\( \newcommand{\NOT}{\neg} \newcommand{\AND}{\wedge} \newcommand{\OR}{\vee} \newcommand{\XOR}{\oplus} \newcommand{\IMP}{\Rightarrow} \newcommand{\IFF}{\Leftrightarrow} \newcommand{\TRUE}{\text{True}\xspace} \newcommand{\FALSE}{\text{False}\xspace} \newcommand{\IN}{\,{\in}\,} \newcommand{\NOTIN}{\,{\notin}\,} \newcommand{\TO}{\rightarrow} \newcommand{\DIV}{\mid} \newcommand{\NDIV}{\nmid} \newcommand{\MOD}[1]{\pmod{#1}} \newcommand{\MODS}[1]{\ (\text{mod}\ #1)} \newcommand{\N}{\mathbb N} \newcommand{\Z}{\mathbb Z} \newcommand{\Q}{\mathbb Q} \newcommand{\R}{\mathbb R} \newcommand{\C}{\mathbb C} \newcommand{\cA}{\mathcal A} \newcommand{\cB}{\mathcal B} \newcommand{\cC}{\mathcal C} \newcommand{\cD}{\mathcal D} \newcommand{\cE}{\mathcal E} \newcommand{\cF}{\mathcal F} \newcommand{\cG}{\mathcal G} \newcommand{\cH}{\mathcal H} \newcommand{\cI}{\mathcal I} \newcommand{\cJ}{\mathcal J} \newcommand{\cL}{\mathcal L} \newcommand{\cK}{\mathcal K} \newcommand{\cN}{\mathcal N} \newcommand{\cO}{\mathcal O} \newcommand{\cP}{\mathcal P} \newcommand{\cQ}{\mathcal Q} \newcommand{\cS}{\mathcal S} \newcommand{\cT}{\mathcal T} \newcommand{\cV}{\mathcal V} \newcommand{\cW}{\mathcal W} \newcommand{\cZ}{\mathcal Z} \newcommand{\emp}{\emptyset} \newcommand{\bs}{\backslash} \newcommand{\floor}[1]{\left \lfloor #1 \right \rfloor} \newcommand{\ceil}[1]{\left \lceil #1 \right \rceil} \newcommand{\abs}[1]{\left | #1 \right |} \newcommand{\xspace}{} \newcommand{\proofheader}[1]{\underline{\textbf{#1}}} \)

1.3 Representing Data I: Numbers

Data is all around us and the amount of data stored increases every single day. In today’s world, decisions must be data-driven and so it is imperative that we be able to process, analyze, and understand the data we collect. Other important factors include the security and privacy of data. Businesses and governments need to answer important questions such as “Where should this data be stored?”; “How should this data be stored?”; and even, “Should this data be stored at all?”. The answers to these questions for Health Canada and personal health data is very different from the answers Nintendo might come up with for the next Animal Crossing game. If decisions must be data-driven then computers are an excellent tool for processing that data, especially when we consider that computers are several orders of magnitude faster at computing with data than a human.
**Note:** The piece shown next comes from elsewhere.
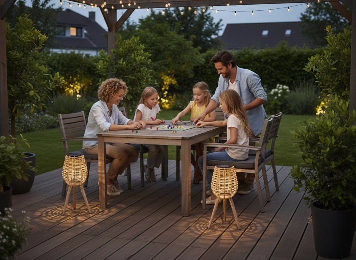 Takket være trådløs drift kan du nemt placere den hvor som helst – på træterrassen, langs havestien eller på altanen. Det flettede rattanlook giver rummet et moderne boho-præg, og træbenene sikrer stabilitet og et elegant udtryk.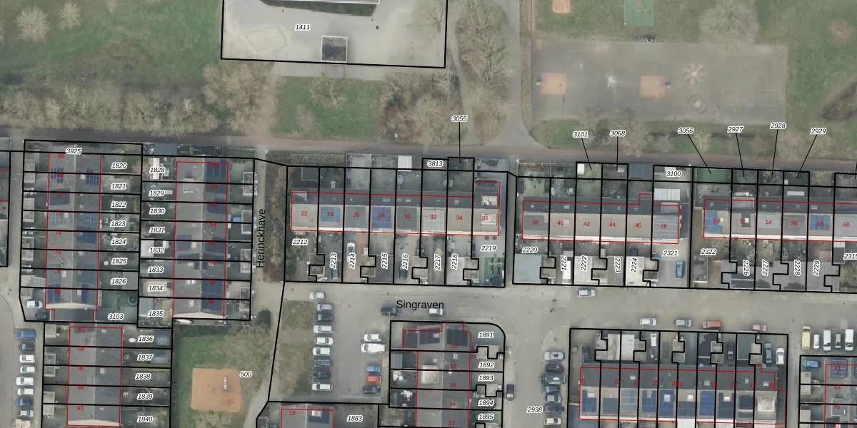Gebruik de zoekbalk of klik op een perceel voor informatie over de adressen binnen dit perceel.

We begin our study of computer science in earnest by defining different categories of data, and seeing how to represent them in the Python programming language. In over the next three sections, we’ll review the common data types that we’ll make great use of in this course: numeric data, boolean data, textual data, and various forms of compound data that combine multiple pieces of data into a single entity. We’ll both discuss these data types independent of computers or programming language, and then learn about subtle, but crucial, differences between our theoretical conceptualizations of data and what can actually be represented in Python.

What is a data type?

Given the amount and different varieties of data in the world, it is useful for both humans and computers to have ways to categorize data. A data type is a precise description of a category of data that contains two parts:

  1. The allowed values for a piece of data of that type.
  2. The allowed operations we can perform on a piece of data of that type.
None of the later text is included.